→ **EXERCISE INSTRUCTIONS**
Lines from the line with "Step 12. Finish" to the line with "饮水安全事关百姓身体健康,是" in the entries below, and only those, must be output exactly, with both ends included.

----

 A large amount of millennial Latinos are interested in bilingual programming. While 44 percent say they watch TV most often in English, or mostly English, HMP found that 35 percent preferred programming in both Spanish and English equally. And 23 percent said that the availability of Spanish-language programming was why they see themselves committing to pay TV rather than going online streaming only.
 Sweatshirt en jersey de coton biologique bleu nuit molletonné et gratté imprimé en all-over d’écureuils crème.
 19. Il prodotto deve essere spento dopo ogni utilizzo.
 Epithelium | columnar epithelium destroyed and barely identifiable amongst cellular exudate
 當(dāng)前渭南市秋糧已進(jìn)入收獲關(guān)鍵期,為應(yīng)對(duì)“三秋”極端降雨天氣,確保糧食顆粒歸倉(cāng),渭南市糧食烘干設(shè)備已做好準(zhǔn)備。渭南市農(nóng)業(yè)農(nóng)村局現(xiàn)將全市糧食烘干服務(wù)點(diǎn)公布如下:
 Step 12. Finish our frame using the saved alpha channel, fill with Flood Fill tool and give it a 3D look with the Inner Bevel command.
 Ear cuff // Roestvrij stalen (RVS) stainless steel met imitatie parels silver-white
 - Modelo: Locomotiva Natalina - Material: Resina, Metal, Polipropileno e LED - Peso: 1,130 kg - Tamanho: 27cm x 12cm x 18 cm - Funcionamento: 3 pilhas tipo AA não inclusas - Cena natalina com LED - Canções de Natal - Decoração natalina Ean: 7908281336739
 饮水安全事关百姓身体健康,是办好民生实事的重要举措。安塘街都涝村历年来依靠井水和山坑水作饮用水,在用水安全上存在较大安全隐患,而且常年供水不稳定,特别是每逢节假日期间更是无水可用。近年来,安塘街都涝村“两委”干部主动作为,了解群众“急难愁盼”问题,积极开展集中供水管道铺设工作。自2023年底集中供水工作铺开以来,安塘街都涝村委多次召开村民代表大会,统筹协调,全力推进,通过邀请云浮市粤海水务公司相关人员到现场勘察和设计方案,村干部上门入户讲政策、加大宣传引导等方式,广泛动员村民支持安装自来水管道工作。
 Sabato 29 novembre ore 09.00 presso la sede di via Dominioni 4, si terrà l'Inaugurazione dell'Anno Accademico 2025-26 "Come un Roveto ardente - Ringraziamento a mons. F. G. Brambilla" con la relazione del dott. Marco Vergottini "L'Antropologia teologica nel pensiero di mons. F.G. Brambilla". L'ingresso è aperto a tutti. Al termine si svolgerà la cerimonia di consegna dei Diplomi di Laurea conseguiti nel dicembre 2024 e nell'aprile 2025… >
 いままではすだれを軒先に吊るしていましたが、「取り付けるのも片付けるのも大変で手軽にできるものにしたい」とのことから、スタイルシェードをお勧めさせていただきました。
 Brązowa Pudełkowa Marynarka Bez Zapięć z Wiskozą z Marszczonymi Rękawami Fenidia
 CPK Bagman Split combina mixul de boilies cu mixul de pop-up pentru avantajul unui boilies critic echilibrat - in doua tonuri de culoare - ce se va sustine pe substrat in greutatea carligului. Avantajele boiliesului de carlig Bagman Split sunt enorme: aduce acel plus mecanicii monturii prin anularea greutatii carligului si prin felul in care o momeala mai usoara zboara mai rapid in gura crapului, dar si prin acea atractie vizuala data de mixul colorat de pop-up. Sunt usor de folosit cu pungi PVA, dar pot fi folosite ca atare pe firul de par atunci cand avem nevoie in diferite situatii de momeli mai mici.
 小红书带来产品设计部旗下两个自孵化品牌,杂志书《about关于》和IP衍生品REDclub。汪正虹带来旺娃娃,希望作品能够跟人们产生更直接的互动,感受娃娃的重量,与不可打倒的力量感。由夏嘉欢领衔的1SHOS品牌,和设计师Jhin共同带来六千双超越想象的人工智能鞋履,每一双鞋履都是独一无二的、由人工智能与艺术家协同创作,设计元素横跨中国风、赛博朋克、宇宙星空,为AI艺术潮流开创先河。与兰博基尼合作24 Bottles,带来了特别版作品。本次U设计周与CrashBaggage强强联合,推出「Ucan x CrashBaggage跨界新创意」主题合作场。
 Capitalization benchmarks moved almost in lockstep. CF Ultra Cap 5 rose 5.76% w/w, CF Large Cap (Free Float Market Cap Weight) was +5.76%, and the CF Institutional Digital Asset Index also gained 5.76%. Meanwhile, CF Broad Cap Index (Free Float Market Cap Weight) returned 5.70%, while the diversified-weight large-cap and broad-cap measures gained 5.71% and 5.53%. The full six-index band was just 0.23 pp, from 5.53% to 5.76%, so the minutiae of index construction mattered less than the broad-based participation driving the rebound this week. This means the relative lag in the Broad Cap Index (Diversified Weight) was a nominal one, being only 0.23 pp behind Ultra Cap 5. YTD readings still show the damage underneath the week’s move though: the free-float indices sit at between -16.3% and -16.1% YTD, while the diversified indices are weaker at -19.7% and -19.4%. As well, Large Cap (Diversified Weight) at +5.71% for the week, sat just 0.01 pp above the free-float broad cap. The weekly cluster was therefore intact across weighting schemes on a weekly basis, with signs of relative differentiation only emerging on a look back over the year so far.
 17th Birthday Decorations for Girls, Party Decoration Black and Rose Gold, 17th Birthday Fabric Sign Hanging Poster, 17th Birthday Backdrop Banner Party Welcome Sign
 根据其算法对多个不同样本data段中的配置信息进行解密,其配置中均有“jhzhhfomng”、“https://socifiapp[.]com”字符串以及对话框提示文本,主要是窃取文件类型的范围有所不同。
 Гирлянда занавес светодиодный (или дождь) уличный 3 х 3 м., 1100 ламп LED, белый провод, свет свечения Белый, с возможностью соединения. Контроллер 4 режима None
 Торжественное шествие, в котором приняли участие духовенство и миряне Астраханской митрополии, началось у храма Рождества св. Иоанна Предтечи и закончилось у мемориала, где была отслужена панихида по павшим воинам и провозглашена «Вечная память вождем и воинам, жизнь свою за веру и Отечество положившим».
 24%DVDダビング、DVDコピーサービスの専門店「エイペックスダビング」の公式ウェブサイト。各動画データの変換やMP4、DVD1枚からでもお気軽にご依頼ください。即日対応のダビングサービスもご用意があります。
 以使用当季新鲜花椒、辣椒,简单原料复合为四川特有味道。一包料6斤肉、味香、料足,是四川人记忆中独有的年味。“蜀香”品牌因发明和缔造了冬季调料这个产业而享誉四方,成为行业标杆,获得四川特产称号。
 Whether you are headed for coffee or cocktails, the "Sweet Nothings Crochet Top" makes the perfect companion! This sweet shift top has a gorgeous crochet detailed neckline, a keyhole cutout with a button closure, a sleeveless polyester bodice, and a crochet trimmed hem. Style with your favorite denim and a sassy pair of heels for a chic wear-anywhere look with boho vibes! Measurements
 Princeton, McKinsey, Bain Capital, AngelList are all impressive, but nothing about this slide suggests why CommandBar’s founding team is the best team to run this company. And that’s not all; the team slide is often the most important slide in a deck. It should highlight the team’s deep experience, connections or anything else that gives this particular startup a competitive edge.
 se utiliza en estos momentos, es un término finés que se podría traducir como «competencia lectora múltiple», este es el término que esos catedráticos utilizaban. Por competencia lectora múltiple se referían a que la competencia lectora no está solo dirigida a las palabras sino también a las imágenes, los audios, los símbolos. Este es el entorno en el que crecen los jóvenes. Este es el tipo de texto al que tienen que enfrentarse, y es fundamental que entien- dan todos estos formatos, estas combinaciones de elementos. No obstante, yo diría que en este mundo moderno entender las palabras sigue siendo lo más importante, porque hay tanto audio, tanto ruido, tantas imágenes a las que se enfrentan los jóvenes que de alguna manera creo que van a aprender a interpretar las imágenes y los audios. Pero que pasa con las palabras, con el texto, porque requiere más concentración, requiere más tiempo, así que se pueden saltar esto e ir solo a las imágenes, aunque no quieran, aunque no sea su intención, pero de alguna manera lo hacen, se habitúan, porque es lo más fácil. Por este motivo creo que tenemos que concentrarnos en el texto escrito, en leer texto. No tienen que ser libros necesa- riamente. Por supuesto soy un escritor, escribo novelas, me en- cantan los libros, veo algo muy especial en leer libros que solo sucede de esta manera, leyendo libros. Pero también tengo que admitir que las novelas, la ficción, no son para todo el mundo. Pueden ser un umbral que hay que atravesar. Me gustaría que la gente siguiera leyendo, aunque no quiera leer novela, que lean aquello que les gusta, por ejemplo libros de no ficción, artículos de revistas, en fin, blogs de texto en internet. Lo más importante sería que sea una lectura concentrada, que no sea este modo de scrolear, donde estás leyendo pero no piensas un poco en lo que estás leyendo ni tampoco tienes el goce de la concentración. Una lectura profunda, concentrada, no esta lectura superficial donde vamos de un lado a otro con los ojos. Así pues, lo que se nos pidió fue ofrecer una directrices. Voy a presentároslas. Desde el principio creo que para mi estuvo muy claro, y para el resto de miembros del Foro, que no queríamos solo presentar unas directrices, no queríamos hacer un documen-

----

→ **EXERCISE SOLUTION**
 Step 12. Finish our frame using the saved alpha channel, fill with Flood Fill tool and give it a 3D look with the Inner Bevel command.
 Ear cuff // Roestvrij stalen (RVS) stainless steel met imitatie parels silver-white
 - Modelo: Locomotiva Natalina - Material: Resina, Metal, Polipropileno e LED - Peso: 1,130 kg - Tamanho: 27cm x 12cm x 18 cm - Funcionamento: 3 pilhas tipo AA não inclusas - Cena natalina com LED - Canções de Natal - Decoração natalina Ean: 7908281336739
 饮水安全事关百姓身体健康,是办好民生实事的重要举措。安塘街都涝村历年来依靠井水和山坑水作饮用水,在用水安全上存在较大安全隐患,而且常年供水不稳定,特别是每逢节假日期间更是无水可用。近年来,安塘街都涝村“两委”干部主动作为,了解群众“急难愁盼”问题,积极开展集中供水管道铺设工作。自2023年底集中供水工作铺开以来,安塘街都涝村委多次召开村民代表大会,统筹协调,全力推进,通过邀请云浮市粤海水务公司相关人员到现场勘察和设计方案,村干部上门入户讲政策、加大宣传引导等方式,广泛动员村民支持安装自来水管道工作。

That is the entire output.